Case of Anorexia Nervosa
Case 8:
A 21-year-old, previously healthy young woman presented in her final month of pregnancy because of aversion to food, failure to gain weight, and intrauterine fetal growth retardation. She was admitted with a tentative diagnosis of anorexia nervosa; labor was induced, and a female infant was delivered preterm. She developed postpartum depression and, over the next year, had recurrent nausea and vomiting, severe abdominal pain, malnutrition, and paresthesias in all four limbs. She spoke of her use of food intake to manipulate others. Her body mass index (BMI) was 13. Her psychosocial and educational histories were unremarkable. The family psychiatric history was positive for depression in her mother. Medically, she had a brother with bowel problems and inability to gain weight, and an otherwise-healthy sister, also with an inability to gain weight. Gastroenterological investigations revealed ileal diverticulitis, and, 1 year after the birth of her daughter, she developed an obstruction requiring bowel resection. Although there was ongoing concern that she was inducing vomiting, she also clearly had gastrointestinal dysmotility. EMG revealed severe sensory-motor demyelinating neuropathy with axonal loss. Over the next 2 years, she developed recurrent, painful bowel obstructions necessitating treatment with opiates and intermittent parenteral nutrition. Her temperament changed, with emotional lability, periods of confusion, and difficulty with word-finding. She also developed bilateral ptosis and seizures. Cranial imaging showed extensive bilateral white-matter disease, with large confluent lesions and a focal small area of abnormal signal in the right substantia nigra. Lumbar puncture was significant for elevated CSF protein. Blood testing showed high thymidine levels and low thymidine phosphorylase activity, leading to a diagnosis of mitochondrial neurogastrointestinal encephalomyopathy (MNGIE) syndrome. At 5-year follow-up, she showed deterioration, with myoclonus, dysarthria, ptosis, profound peripheral neuropathy with bilateral foot-drop, and episodes of delirium associated with sepsis, electrolyte disturbances, and lactic acidosis, with lactate levels over 4 on occasion.
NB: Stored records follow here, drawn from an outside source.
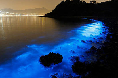 因废水污染香港现蓝色荧光海滩(图)
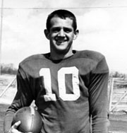 November 15, 1952 ... Deadlocked 7-7 with less than four minutes left in the game, Boston University refused three points and was fortunate to come back with a touchdown as the final period ticked away at Fenway Park. The Terriers were lethargic and uninspiring and almost wound up in a tie with their less than formidable opponent. Titus Plomeritis broke the stalemate with a 14-yard field goal in the waning moments, but there was an N.Y.U. offside penalty. Taking the penalty would give the Terriers a first down on the one yard line. Coach Buff Donelli decided to accept the penalty but the first play resulted in a penalty on B.U. An illegal shift put the ball back 15 yards to the 16-yd line. Sophomore Phil O'Connell hit Tom Lavery with a 15-yard pass on second down to put the ball back on the 1-yd line, where Mario Mauriello banged it home. Plomeritis banged home the extra point and the game was won, 14-7 as time ran out. Harry Agganis and many of seniors sat out the finale. |
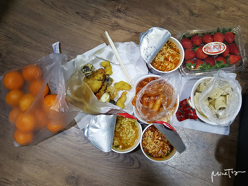 因為跟老闆狂聊了四個小時,聊到店裡快休息,我們依依不捨的離開,原本要去新村吃烤肉也取消(因為太興奮肚子不餓嗎?),買小吃回民宿吃泡麵~
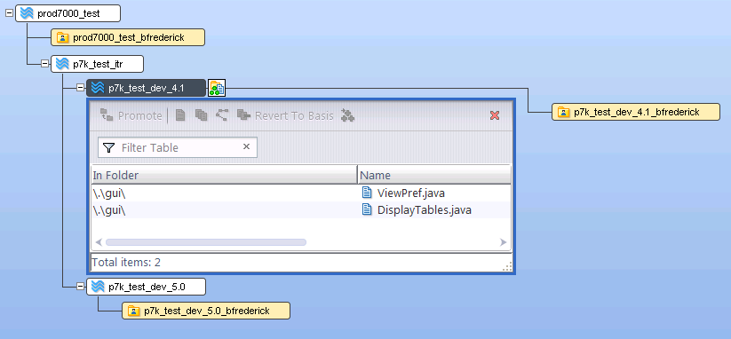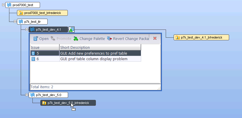 The team working on Release 5.0 wants to incorporate the changes done by the 4.1 team into their own code. If 4.1 was already completed and released, the 4.1 changes would have already been promoted up to the integration stream (the common parent for the development streams), and the changes would be automatically inherited by the 5.0 stream. However, things do not always work in such an orderly manner in the software development world, so the 5.0 team decides to cross-promote Issue #5 from the 4.1 development stream to one of the workspaces under the 5.0 stream. When you cross-promote an issue, you cross-promote the elements of the change package associated with that issue. So this operation brings the 4.1 versions of ViewPref.java and DisplayTables.java associated with Issue 5 into the 5.0 stream structure. Perform the cross-promote with a simple drag & drop of Issue #5 from the 4.1 stream Active Issues view to the 5.0 workspace:
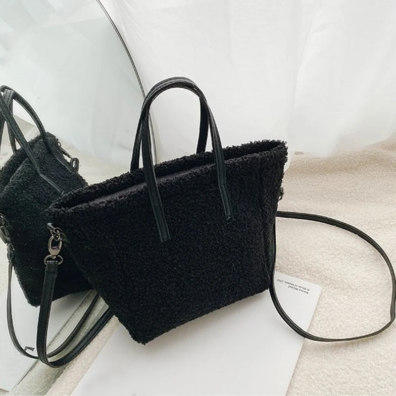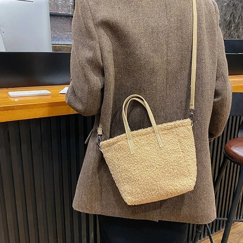 DescriptionПовседневные зимние осенние плюшевые однотонные сумки на плечо для женщин, 2021 Большая вместительная сумка, дорожная сумка для покупок, сумки
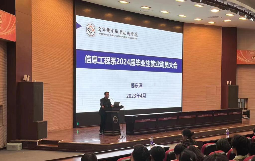 为提升我系毕业生就业意识和竞争力,信息工程系于4月25日召开2024届毕业生就业动员会。会议在大学生素质中心四楼报告厅举行,参加会议的有信息工程系副主任姜东洋、毕业班辅导员及2024届毕业生。
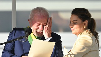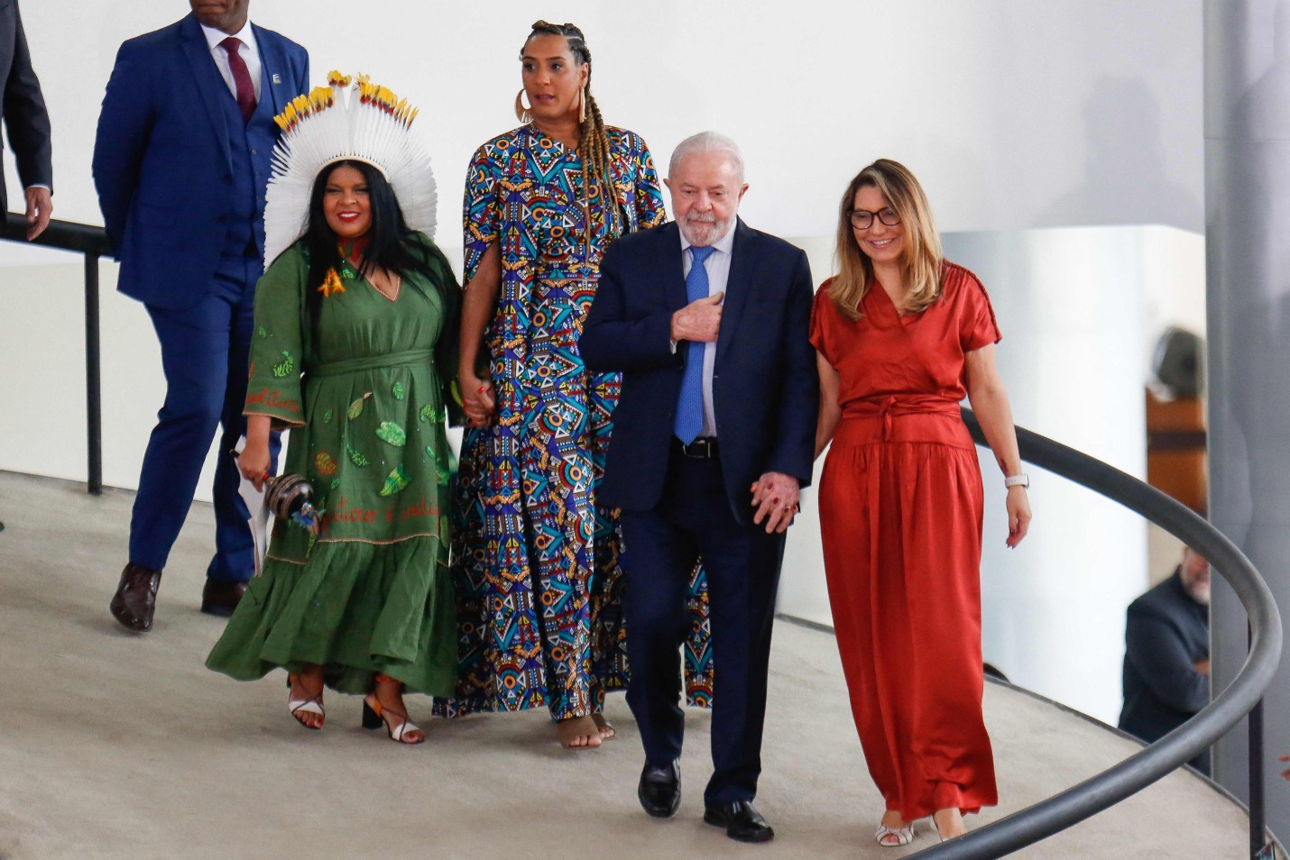 Presidente Lula,a primeira-dama Janja,em cerimônia de posse de Anielle Franco e Sônia Guajajara como ministras — Foto: Sergio Lima / AFP
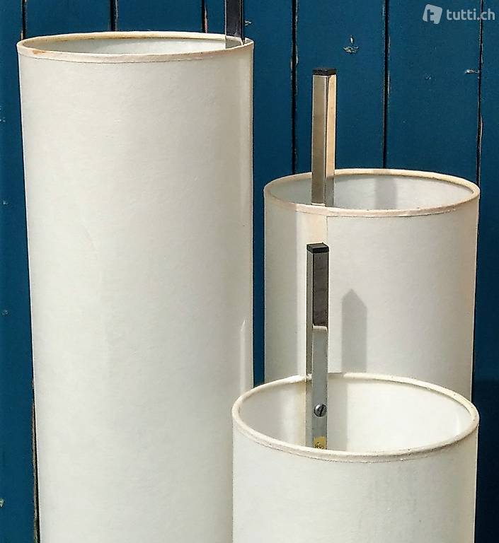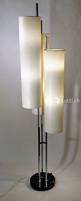 grosse röhrenleuchte mit 3 reflektorröhren aus japanpapier / leimpapier. 3 x 2 e27 birnen, jede röhre einzeln schaltbar am fuss,
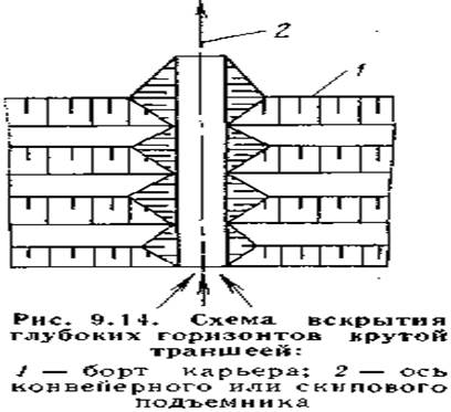 Крутыми траншеями (рис. 9.14) вскрывают, как правило, нижние горизонты глубоких карьеров, так как при этом обеспечиваются высокие темпы углубления горных работ (20 и более м/год) при ограниченных размерах дна карьера и резко сокращается расстояние транспортирования горной массы. Верхние горизонты глубоких карьеров отрабатываются, как правило, с применением колесных видов транспорта. Крутые траншеи оборудуются в устойчивых породах, обеспечивающих длительный срок их эксплуатации.
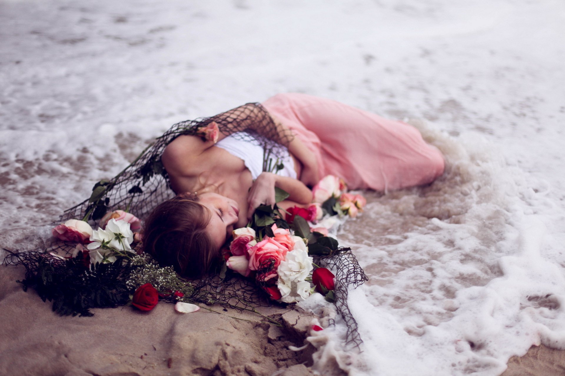 Sesja zdjęciowa wśród morza. dziewczyna w czerwonej sukience
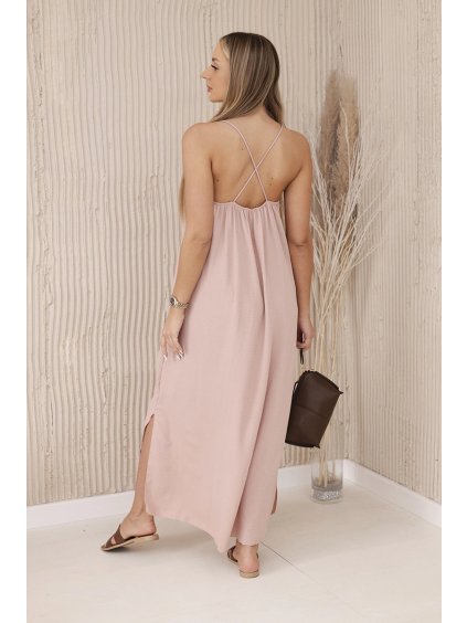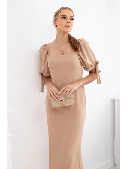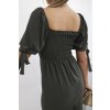 Šaty vzadu nařasené se zavazovacími rukávy khaki

Cases of Bipolar Affective Disorder With Atypical Features
Case 9:
This 46-year-old mother of two children presented with a 20-year history of treatment-resistant bipolar affective disorder and a 6-month history of progressively worsening ataxia. At the time of presentation, she was taking valproic acid and olanzapine, both of which were withdrawn because of a lack of effect and weight gain with the development of diabetes. Her medical history was significant for fatigue, muscle weakness, Type 2 diabetes mellitus, bilateral hearing loss, lipoma removal, and premature ovarian failure. On neurological examination she had horizontal nystagmus, impaired vibration sense, ataxia, and a positive Romberg test. Her family psychiatric history was significant for a mother with a postpartum psychotic depression and a brother, sister and daughter with depression. The family medical history was positive for lipoma removal in her maternal grandmother, mother, and brother; type 2 diabetes in her sister and a maternal uncle; migraine in her daughter; and hearing loss and type 2 diabetes in her son. Investigation revealed an elevated serum lactate. Auditory evoked potentials showed significant hearing loss. Neuropsychological testing showed problems with memory and executive functioning, and her overall IQ was in the 45th percentile. Cranial MRI revealed five small, discrete, white-matter lesions in the parietal lobes and right frontal lobe as well as a few scattered hyperintensities in deep white matter. Muscle biopsy showed increased lipid staining. Genetic analysis demonstrated a G > A transition mutation at position 8363 of mtDNA. At 3-year follow-up, she continued to have mood lability, and her insight and judgment remain poor. She was treated with mitochondrial supplements, and her psychiatric symptoms most recently are managed with lithium, psychoeducation, exercise, and supportive psychotherapy. She continues to live independently.
Case 10:
This 41-year-old woman presented to our inpatient psychiatric service with psychosis, behavioral disinhibition, poor judgment, and lack of insight. She had first been hospitalized at age 17, at which time she was diagnosed with bipolar affective disorder. She had a remote history of alcohol abuse and, at ages 24 and 34, received full courses of ECT for depression. She is of short stature, and, over time, developed seizures, migraine, hypothyroidism, a left bundle-branch heart block, and a left frontal lobe cerebral infarction. On neurological examination, she had oral buccal dyskinesia, proximal muscle weakness, hyperreflexia, extensor plantar responses bilaterally, a positive Romberg sign, impaired tandem gait, and decreased vibration sense. Her family history was significant for a father who died of premature stroke; a mother, sister, brother, and maternal niece with seizure disorders; and three siblings with cardiac problems. Hematological investigation showed elevated lactate and low levels of vitamin D. Repeat EEGs have shown diffuse excess slow activity. Visual evoked potentials were normal, but auditory evoked potentials showed impaired hearing (threshold: 25db R, 16db L). Neuropsychiatric testing at age 41 demonstrated a Verbal IQ of 80 and Performance IQ of less than 70. Cranial MRI showed multiple periventricular and subcortical high signal intensities in the frontal and parietal lobes regions. MR spectroscopy showed a lactate peak. A muscle biopsy had prominent lipid staining and mild nonspecific changes, including focal internalized nuclei and partial mild type 2 fiber atrophy. Mitochondrial genome sequencing revealed several polymorphisms, but a definitive mutation could not be identified. Over 17-year follow-up, she has remained persistently psychotic, with perceptual abnormalities, mood lability, and aggression, as well as cognitive decline in keeping with frontal lobe dementia. At age 52, she was admitted to a long-term care facility because of her family’s inability to care for her.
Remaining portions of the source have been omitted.